A Two-Stage Confidence-Based Intrusion Detection System in Programmable Data-Planes
Bibliographic record
Abstract
The frequent occurrence of network attacks highlights the criticality of developing effective intrusion detection systems (IDSs) that can promptly detect and respond to malicious flows. The proliferation of programmable devices has opened up new possibilities for integrating intelligent IDSs into the data-plane. This allows the execution of machine learning (ML)-based detection models at line-rate, meeting the low latency requirements of anomaly detection. We propose a two-stage confidence-based Intrusion Detection System (TSCIDS) that aims at early detection while considering the level of certainty of prediction.
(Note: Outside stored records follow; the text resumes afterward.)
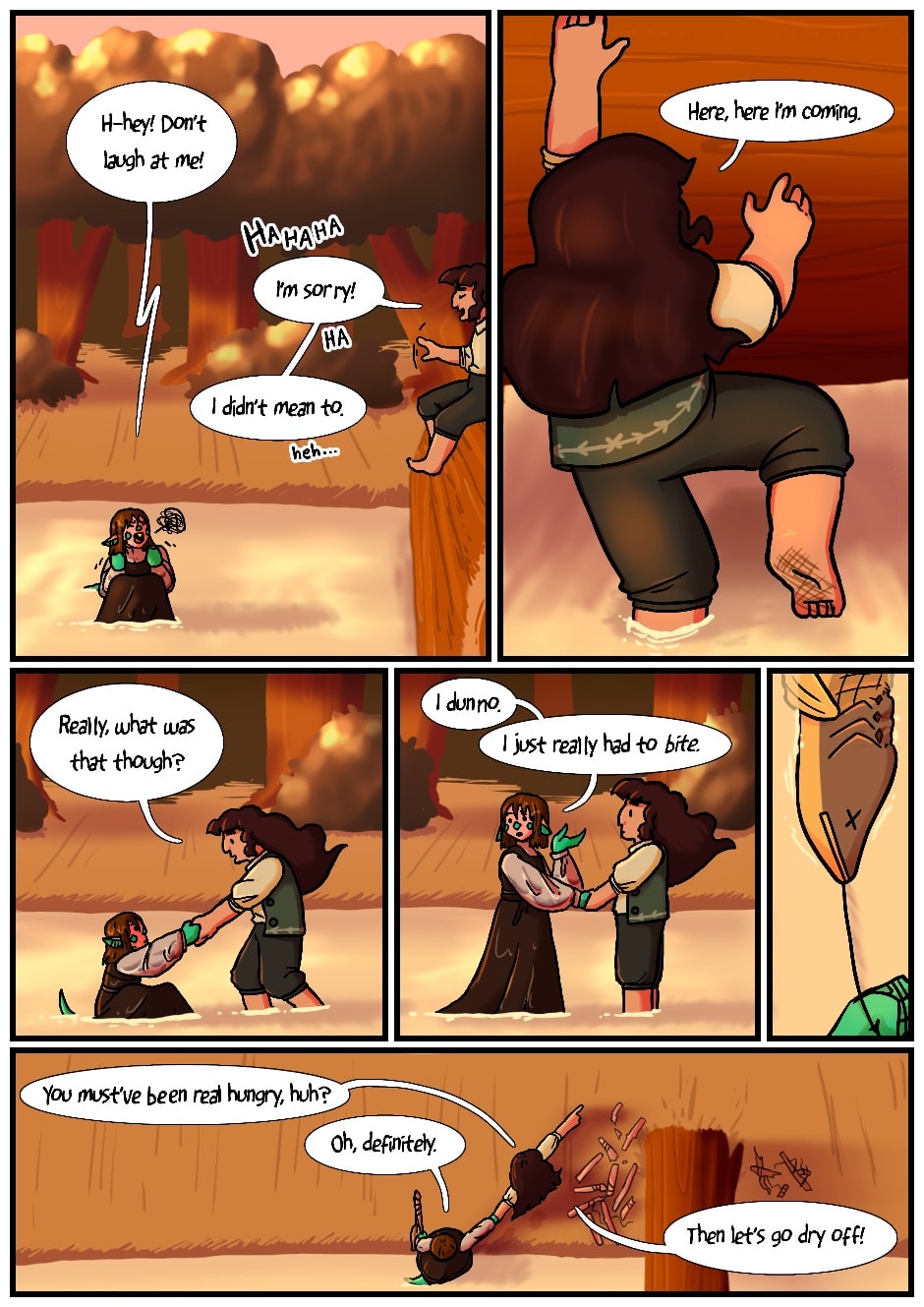 Ellie is an anxious girl who seemed perfectly normal until she was mysteriously afflicted with glittering green scales and large dragon tail. Her parents have done their best to slow this curse and hide their daughter from the world. However, they could never stop Jane, a rowdy child with big plans, from discovering this secret. Runaway Drakaina is the story of these two best friends running away together. While the journey is difficult, the two are determined to find a home of their own.
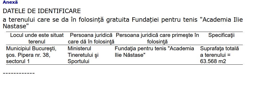 Documentul prevedea oferirea gratuită pentru folosință a unei suprafețe de 63.568 metri pătrați pe Șoseaua Pipera către Fundația pentru Tenis ”Academia Ilie Năstase”, pentru o perioadă de 49 de ani. Mai exact, terenul trecea de la MTS la ONG-ul lui Ilie Năstase pentru ca acesta să înființeze o academie de tenis modernă.
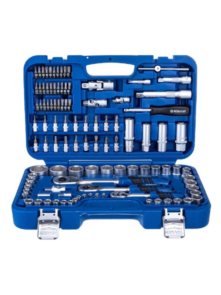 - Комплектация: торцевые головки 1/4'' и 1/2'', трещотки, удлинители, кардан, свечные головки, воротки, биты, шестигранники.
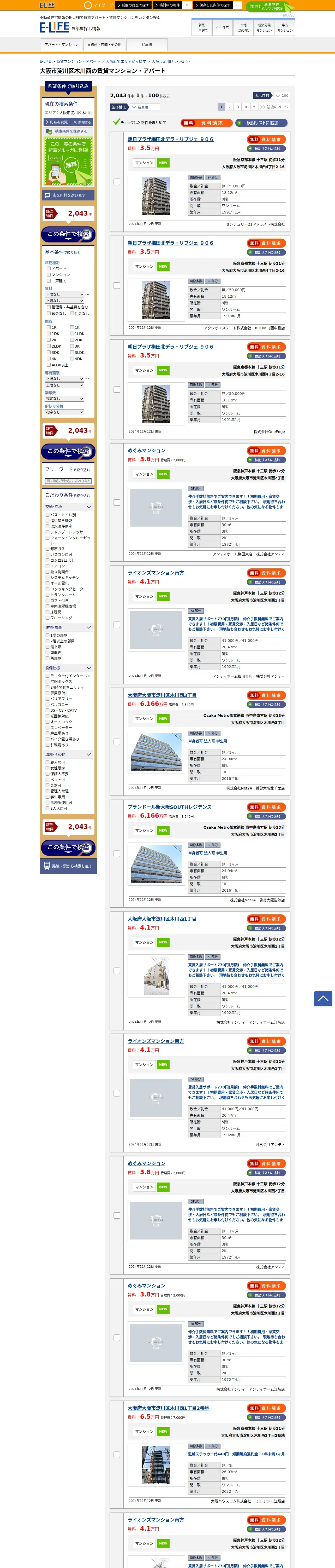 https://www.e-life.jp:443/chintai/apartment/area/osaka/osakashiyodogawaku/5320013/1/
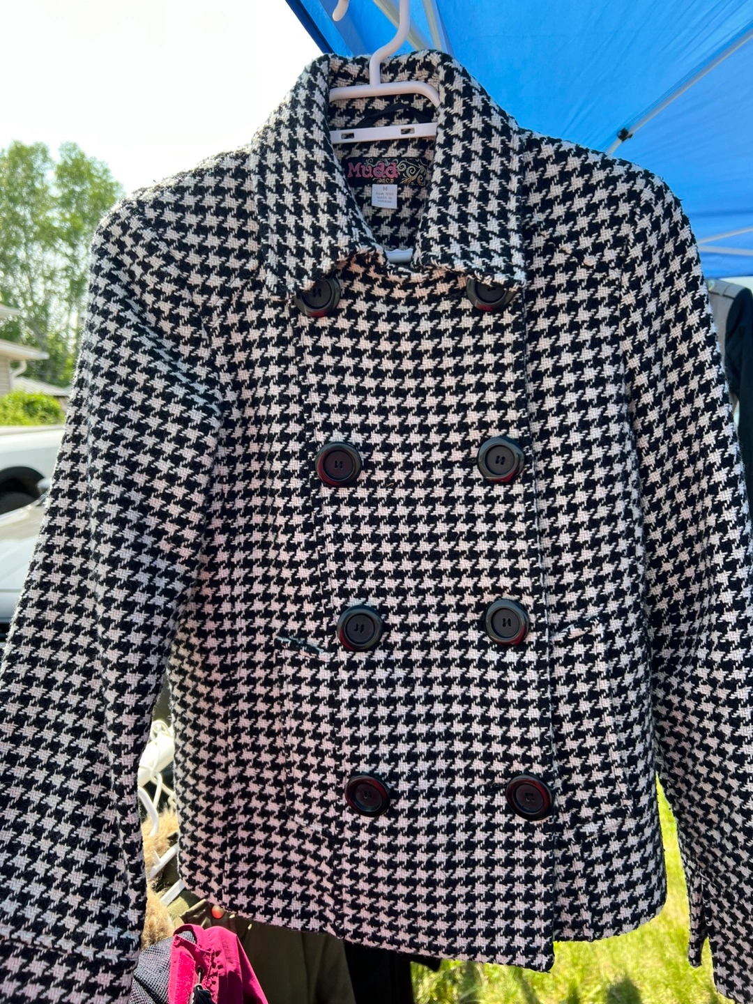 I'm selling a Mudd jacket with a black and white houndstooth pattern. The jacket features big, round buttons and a collared neckline. Layering this jacket is a great way to achieve a fashionable look.
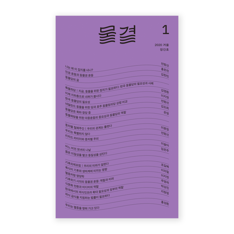 <물결> 창간호는 ‘지금, 동물을 위한 정치가 필요하다’를 주제로 동물당 창당 세미나, 동물권단체 동물해방물결에서 진행된 온라인 동물권 행진, 기후위기비상행동에서 개최한 기후의제포럼을 다뤘다. 이 세가지 운동은 각각 다르지만 주제로 수렴된다. 동물당 창당 세미나와 가장 관련있는 주제지만, ‘인간 동물과 비인간 동물을 차별하는’ 종차별을 끝내기 위해선 동물을 위한 정치가 실현되어야 하고, 기후위기를 해결하기 위해서도 동물을 착취하는 축산업은 철폐되어야 하기 때문이다.
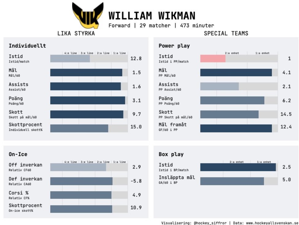 Det är bara att kika i den eminenta sammanställning Viktor Jansson, via @hockey_siffror på Twitter, gjort nedan gällande som verkligen visar att Wikman tagit klivet till att bli en riktig toppkedjespelare denna säsong:
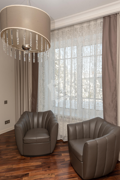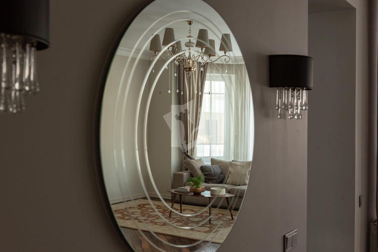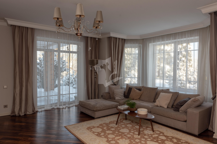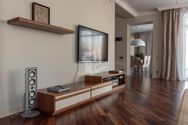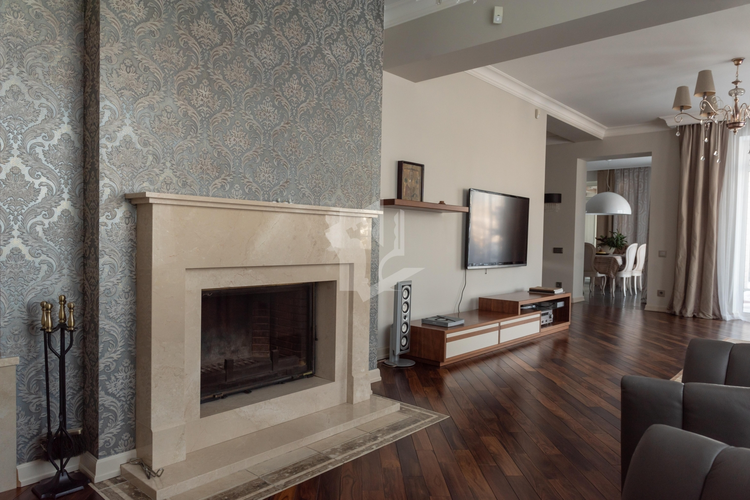 Лестница с настоящей художественном дизайнерской ковкой и межкомнатные двери выполнены на заказ по индивидуальным эскизам из теплого и долговечного массива ясеня, полы из экзотических твёрдых пород бамбука и палисандра.
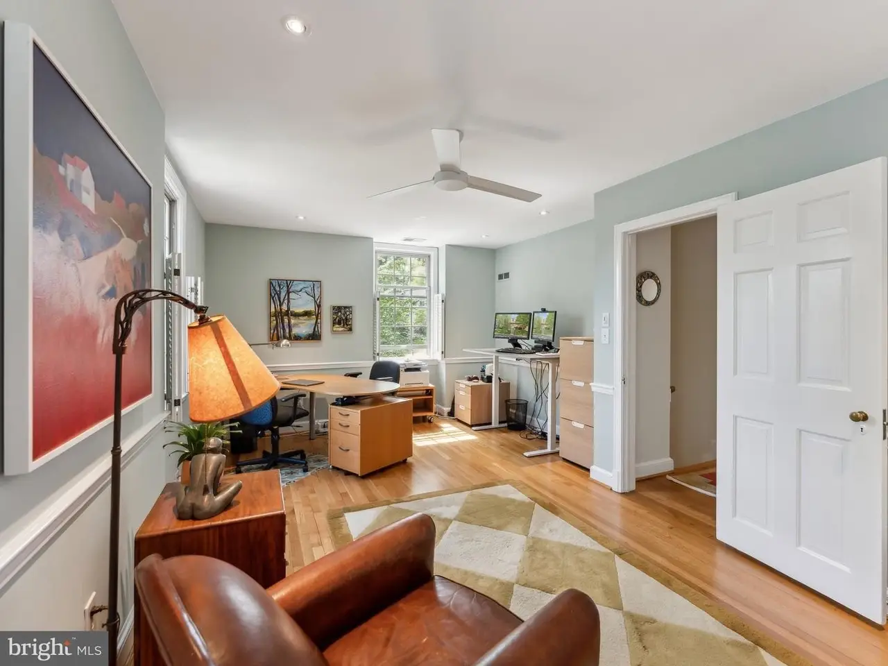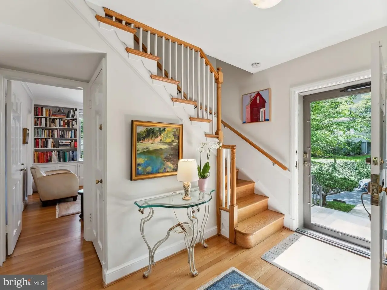 Nestled in the heart of picturesque Barnaby Woods, just steps from a tranquil Rock Creek Park tributary, this gorgeous 1939 Dutch Colonial perfectly blends timeless charm with modern comfort. Set on a quiet, tree-lined street, the home welcomes you with classic curb appeal and thoughtful updates throughout. Step inside the inviting entry foyer with coat closet and discover a spacious living room featuring a wood-burning fireplace and access to a serene rear screened porch, an ideal spot for morning coffee or evening relaxation. The dining area opens seamlessly to a chef's kitchen boasting custom walnut cabinetry, Brazilian quartzite countertops, a suite of stainless steel KitchenAid appliances, and a casual counter for two. A den or home office with powder room complete the main level. Upstairs, find three generous bedrooms and two full baths, including a renovated primary bath en suite with modern finishes. Pull-down attic stairs provide easy access to additional storage. The walk-out lower level offers a recreation room with a second fireplace, laundry area, storage/utilities, a fourth bedroom, and an additional powder room, perfect for guests or flexible living. Outside, the private rear yard is an oasis of calm with a deck, stone patio, lush lawn, and terraced stone walls. Adding to the home's appeal is the garage-turned-artist studio, featuring cathedral ceilings, abundant natural light, barn doors, and its own heating and cooling system; a dream space for creatives, remote work, or hobbies. A rare find in one of Northwest DC's most sought-after neighborhoods, 6670 32nd Street NW offers timeless architecture, versatile living, and a peaceful setting just moments from parks, shops, and city conveniences.
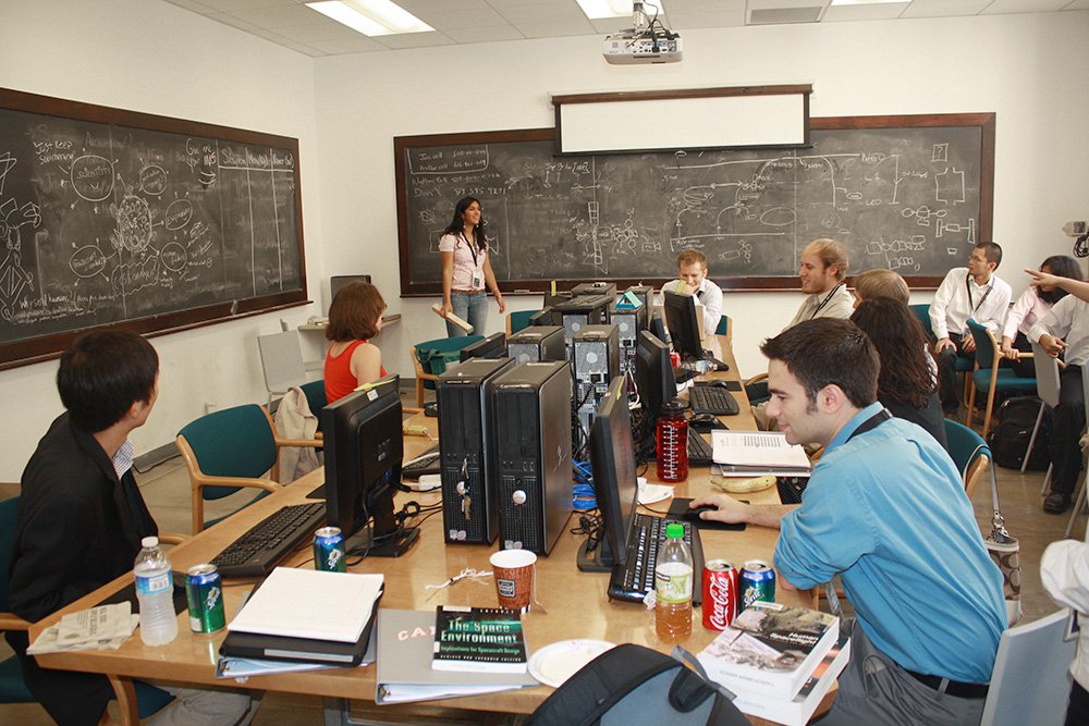 Participants in the 2011 Caltech Space Challenge work together to design a manned mission to a Near-Earth Object (NEO). The Caltech Space Challenge brings students from around the globe to the Caltech campus and challenges them to produce a viable design for a specific space mission. Learn about the 2013 and 2015 Challenges.
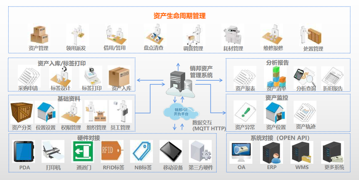 包括纸质档案、实物档案的管理,由于档案类资产具有数量多,出入频繁的特点,导致查找档案的工作量变得非常繁重。针对档案类资产,销邦选用了 UHF RFID 不干胶标签,将标签粘贴于每个档案盒上,同时运用 RFID 档案柜和 RFID 通道门,实现精准快速查找档案的存储位置,自动记录档案出入信息。
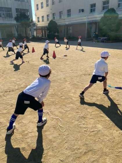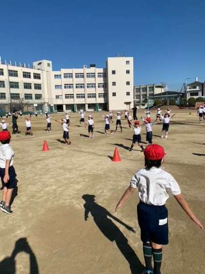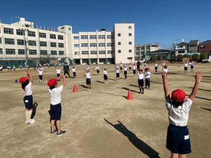 1年生の体育の様子です。先生に見守られながらも、体育係さんを中心にして、クラスのみんなで準備体操を進めていました。4月からの成長を感じます。
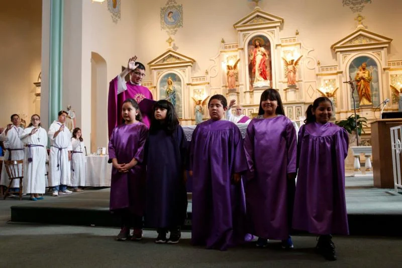 A blessing is given to child catechumens during Mass at Sacred Heart Parish in El Paso, Texas, Feb. 14. Those to receive sacraments of Christian initiation at Easter made their final preparations for joining the Catholic Church during Lent. (CNS photo/Nancy Wiechec)
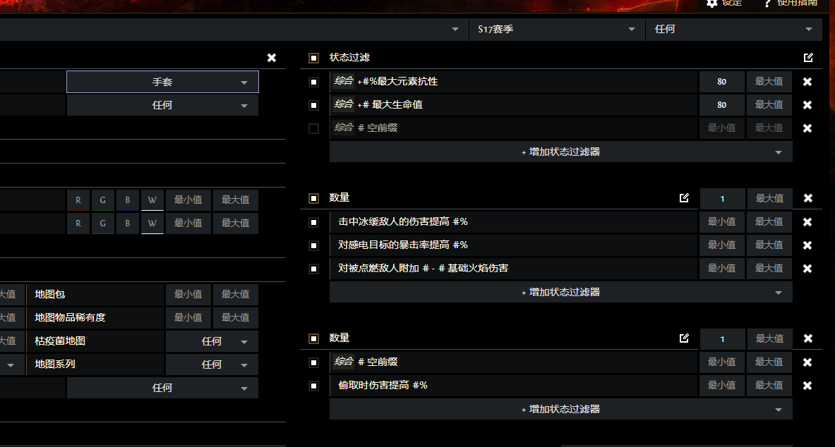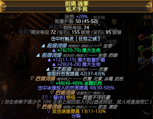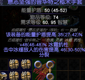制作方法:选择73-74物等带击中冰缓敌人伤害提高(普华特)词缀的非势力手套(丝绸手套最佳但成本过高,酌情),通过魔物园暗夜异蛛等一系列手段弄成下面这样仅含1条普华特+1条任意前缀:

The control-plane adopts a customized transfer learning scheme, wherein two interdependent convolutional neural network (CNN) models are trained, one using the early context of flows and the other adding the later context. A post-hoc calibration method is applied to improve the performance of models. TSCIDS detects anomalous behavior in different phases of flows while allowing the latter CNN to leverage the hidden state of the early CNN. TSCIDS ensures that the two CNN models are integrated into the data-plane pipeline by building the inference steps of CNN into different modules, using switch-supported operations. Simulation results show that the calibrated model can detect more attacks in the early phase compared to the uncalibrated model. Additionally, the training scheme saves the memory consumption of running models on programmable devices.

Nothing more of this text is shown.